- **Available data**

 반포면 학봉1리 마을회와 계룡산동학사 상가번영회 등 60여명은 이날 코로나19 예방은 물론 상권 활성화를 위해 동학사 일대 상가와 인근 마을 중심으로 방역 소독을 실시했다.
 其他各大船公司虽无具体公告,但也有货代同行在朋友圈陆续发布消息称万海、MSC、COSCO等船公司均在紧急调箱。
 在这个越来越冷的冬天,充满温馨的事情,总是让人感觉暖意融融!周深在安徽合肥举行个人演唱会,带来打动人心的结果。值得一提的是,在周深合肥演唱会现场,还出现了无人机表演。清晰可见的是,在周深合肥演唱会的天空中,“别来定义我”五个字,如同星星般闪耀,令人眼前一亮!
* * *
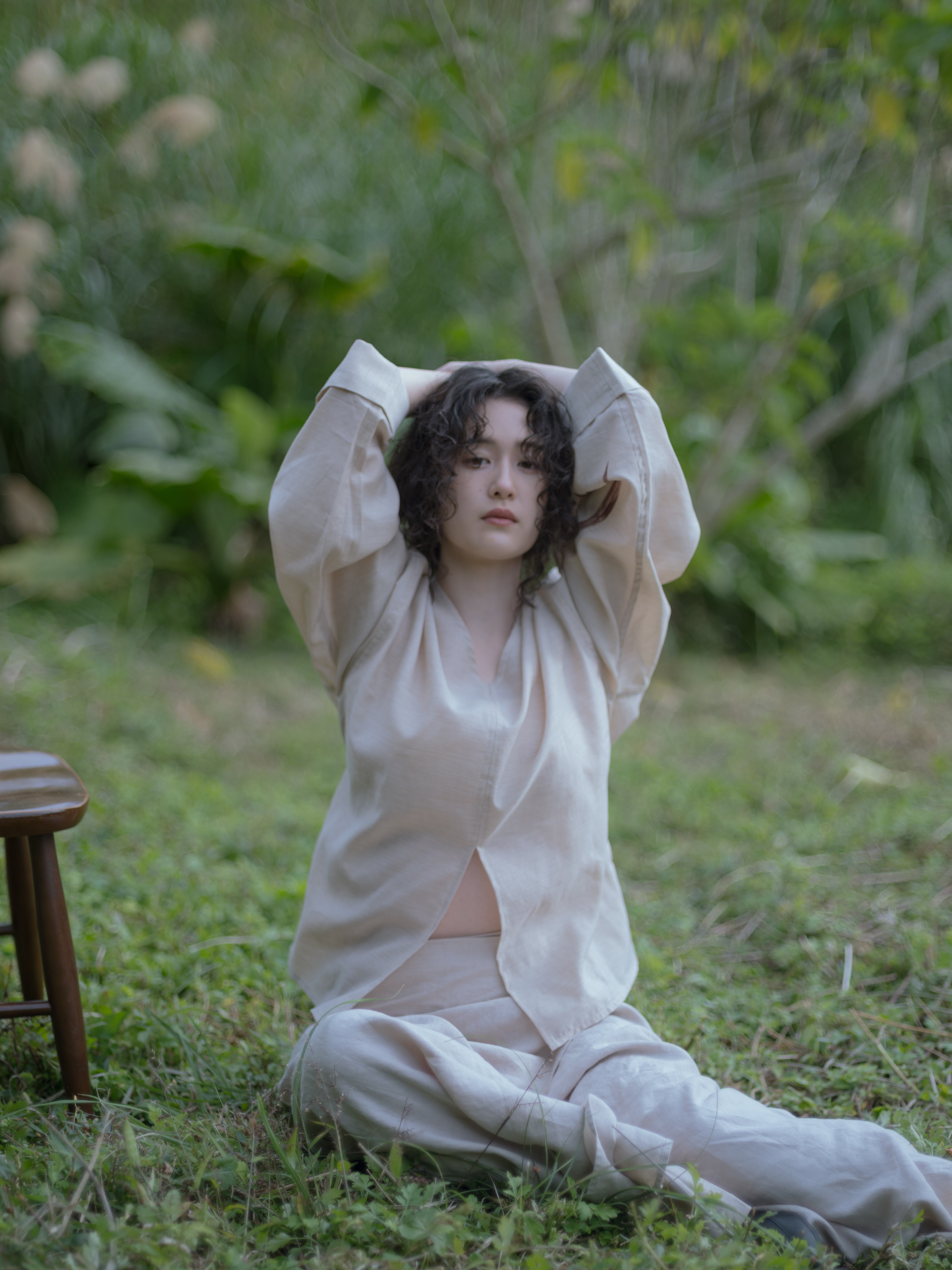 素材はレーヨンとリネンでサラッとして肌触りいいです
...
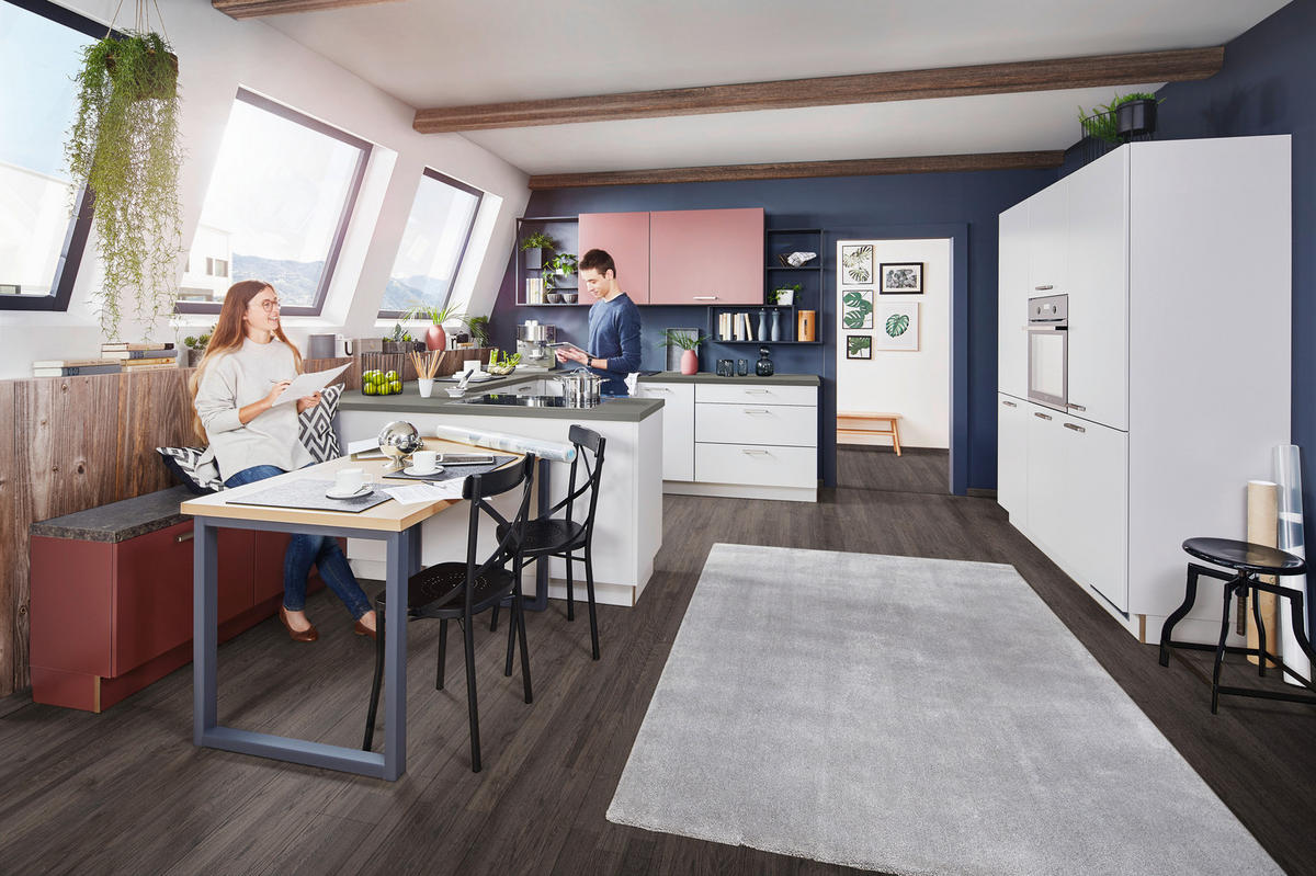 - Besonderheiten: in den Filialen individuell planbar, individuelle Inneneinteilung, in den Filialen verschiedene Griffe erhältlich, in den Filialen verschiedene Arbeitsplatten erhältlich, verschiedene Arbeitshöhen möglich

- **Try it**
Could you write out, exactly as they stand, only the lines above that begin at the line with "반포면 학봉1리 마을회와" and stop after the line with "在这个越来越冷的冬天,充满温"?

- **Written reply**
 반포면 학봉1리 마을회와 계룡산동학사 상가번영회 등 60여명은 이날 코로나19 예방은 물론 상권 활성화를 위해 동학사 일대 상가와 인근 마을 중심으로 방역 소독을 실시했다.
 其他各大船公司虽无具体公告,但也有货代同行在朋友圈陆续发布消息称万海、MSC、COSCO等船公司均在紧急调箱。
 在这个越来越冷的冬天,充满温馨的事情,总是让人感觉暖意融融!周深在安徽合肥举行个人演唱会,带来打动人心的结果。值得一提的是,在周深合肥演唱会现场,还出现了无人机表演。清晰可见的是,在周深合肥演唱会的天空中,“别来定义我”五个字,如同星星般闪耀,令人眼前一亮!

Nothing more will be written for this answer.